**Material to process:**
§

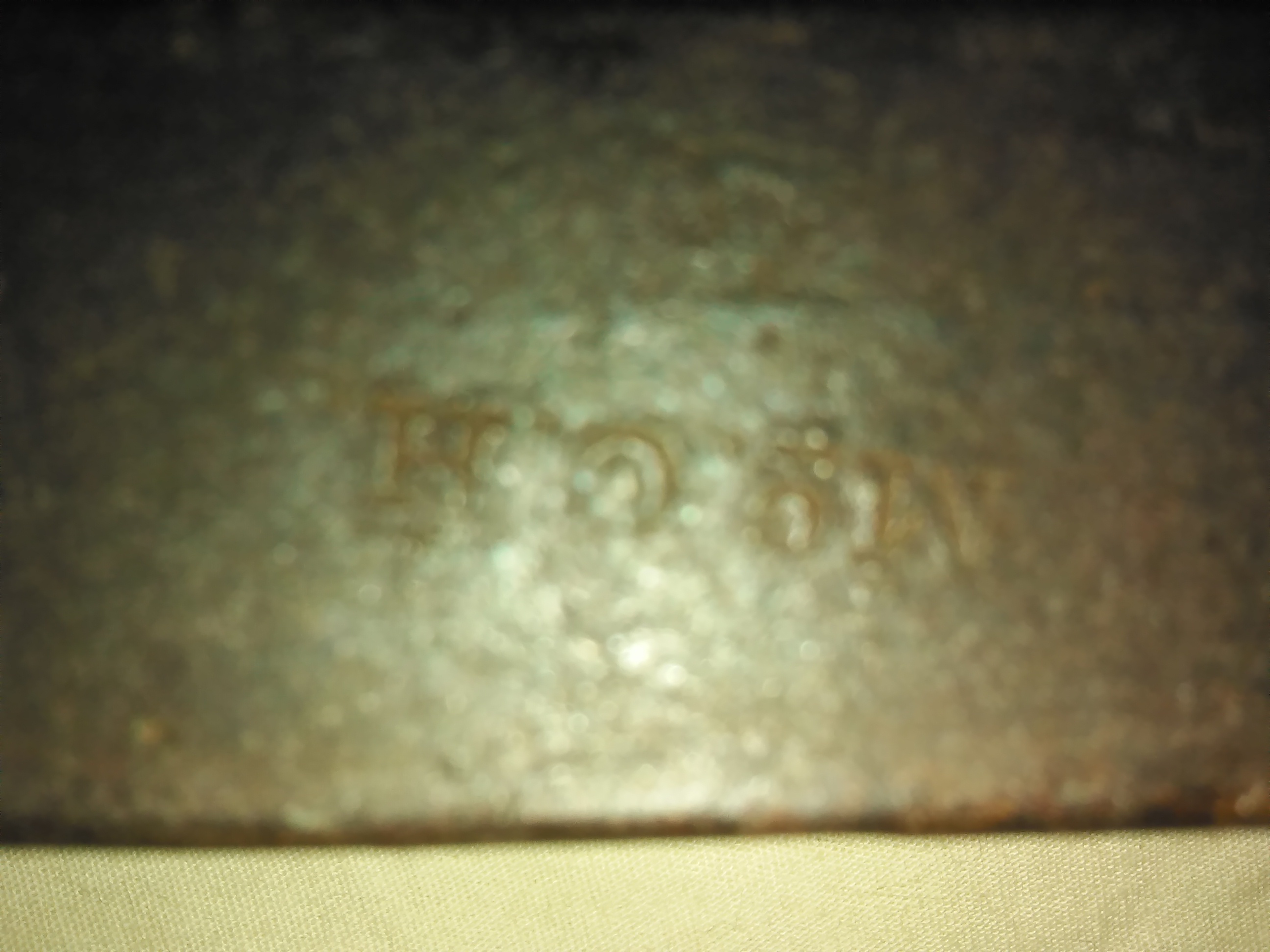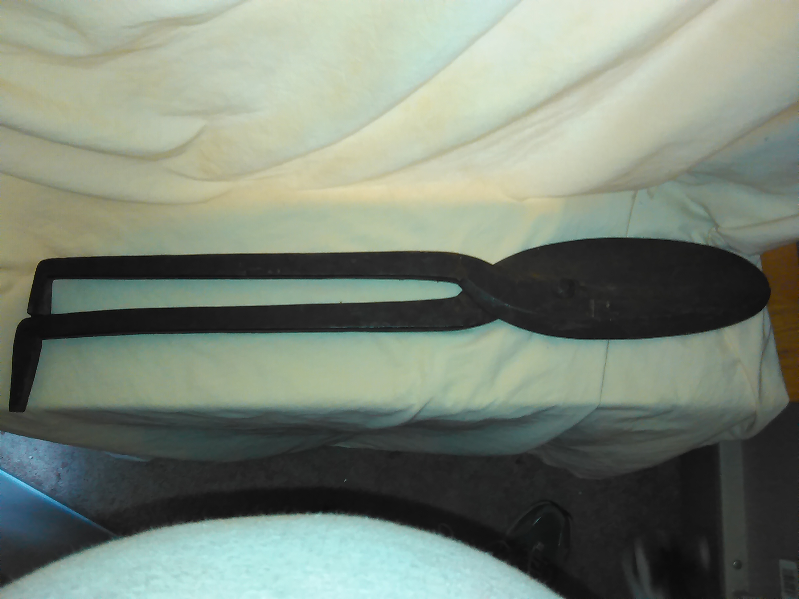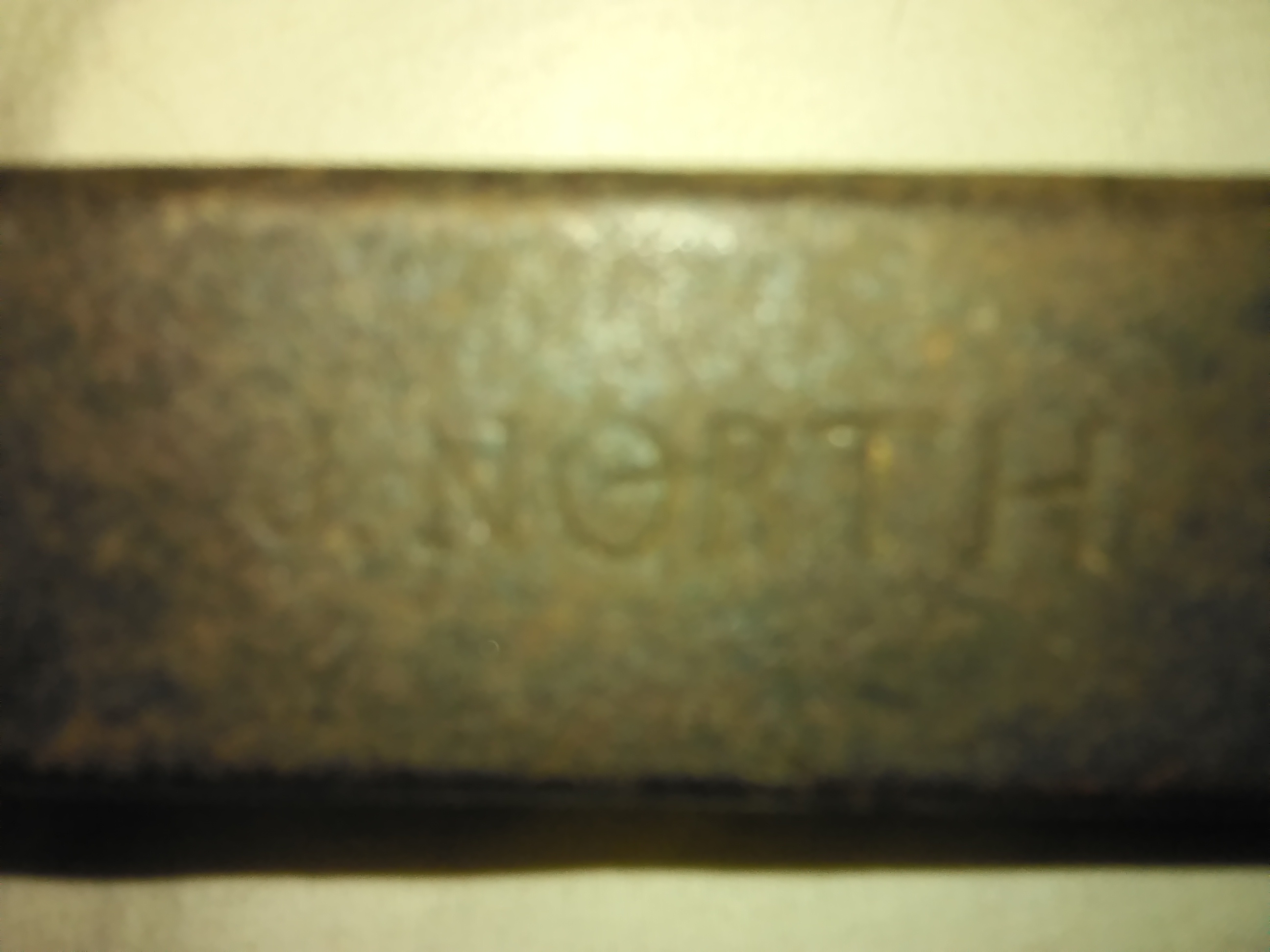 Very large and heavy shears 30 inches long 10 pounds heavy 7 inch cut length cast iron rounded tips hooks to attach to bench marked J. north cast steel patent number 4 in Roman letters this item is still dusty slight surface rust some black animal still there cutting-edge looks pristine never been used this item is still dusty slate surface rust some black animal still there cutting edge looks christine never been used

§

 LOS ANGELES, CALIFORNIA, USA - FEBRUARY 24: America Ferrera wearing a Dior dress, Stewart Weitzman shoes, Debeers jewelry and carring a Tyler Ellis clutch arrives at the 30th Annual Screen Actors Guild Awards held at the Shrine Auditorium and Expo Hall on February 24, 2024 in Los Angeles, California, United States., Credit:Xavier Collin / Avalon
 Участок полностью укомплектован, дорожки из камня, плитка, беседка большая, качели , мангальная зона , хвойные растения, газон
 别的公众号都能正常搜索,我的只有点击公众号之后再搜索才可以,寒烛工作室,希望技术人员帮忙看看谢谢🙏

§

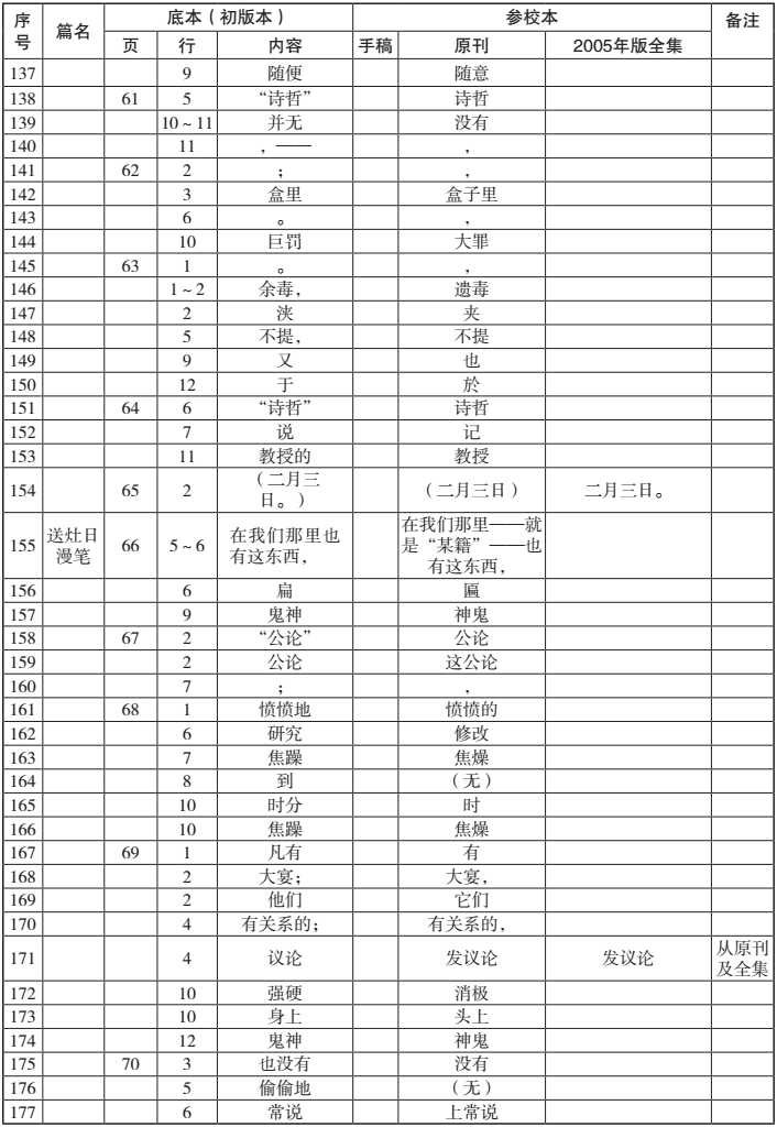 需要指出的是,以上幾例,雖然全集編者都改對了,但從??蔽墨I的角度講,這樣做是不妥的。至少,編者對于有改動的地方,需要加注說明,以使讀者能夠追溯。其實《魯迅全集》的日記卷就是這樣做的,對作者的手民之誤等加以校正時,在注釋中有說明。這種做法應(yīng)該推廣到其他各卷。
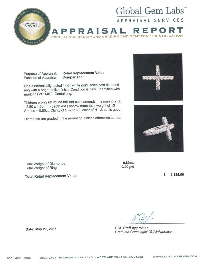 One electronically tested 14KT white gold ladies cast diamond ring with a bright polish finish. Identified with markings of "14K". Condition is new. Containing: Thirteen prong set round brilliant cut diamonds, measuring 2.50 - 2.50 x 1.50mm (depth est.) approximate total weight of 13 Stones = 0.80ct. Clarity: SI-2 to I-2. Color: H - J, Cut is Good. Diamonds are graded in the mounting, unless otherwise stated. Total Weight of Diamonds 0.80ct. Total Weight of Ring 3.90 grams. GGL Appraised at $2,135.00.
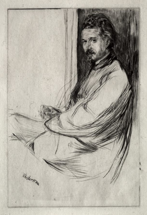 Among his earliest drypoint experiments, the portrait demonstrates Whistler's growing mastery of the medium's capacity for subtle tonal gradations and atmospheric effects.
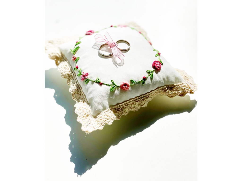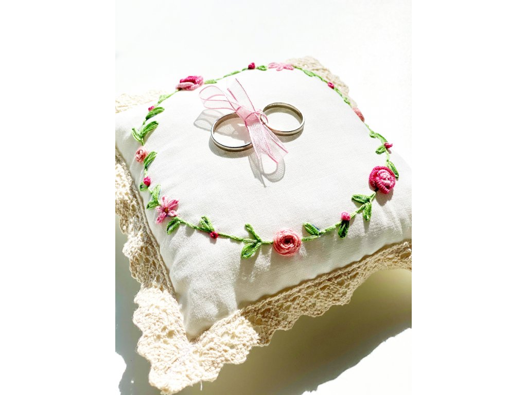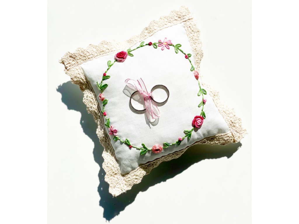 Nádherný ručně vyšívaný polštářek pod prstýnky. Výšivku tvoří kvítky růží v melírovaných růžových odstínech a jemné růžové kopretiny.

§

**Task goal:** Return exactly the stretch above whose first line contains "Among his earliest" and whose last line contains "Nádherný ručně vyšívaný", and nothing outside it. The pictures should not appear.

**Answer for this exercise:**
 Among his earliest drypoint experiments, the portrait demonstrates Whistler's growing mastery of the medium's capacity for subtle tonal gradations and atmospheric effects.
 Nádherný ručně vyšívaný polštářek pod prstýnky. Výšivku tvoří kvítky růží v melírovaných růžových odstínech a jemné růžové kopretiny.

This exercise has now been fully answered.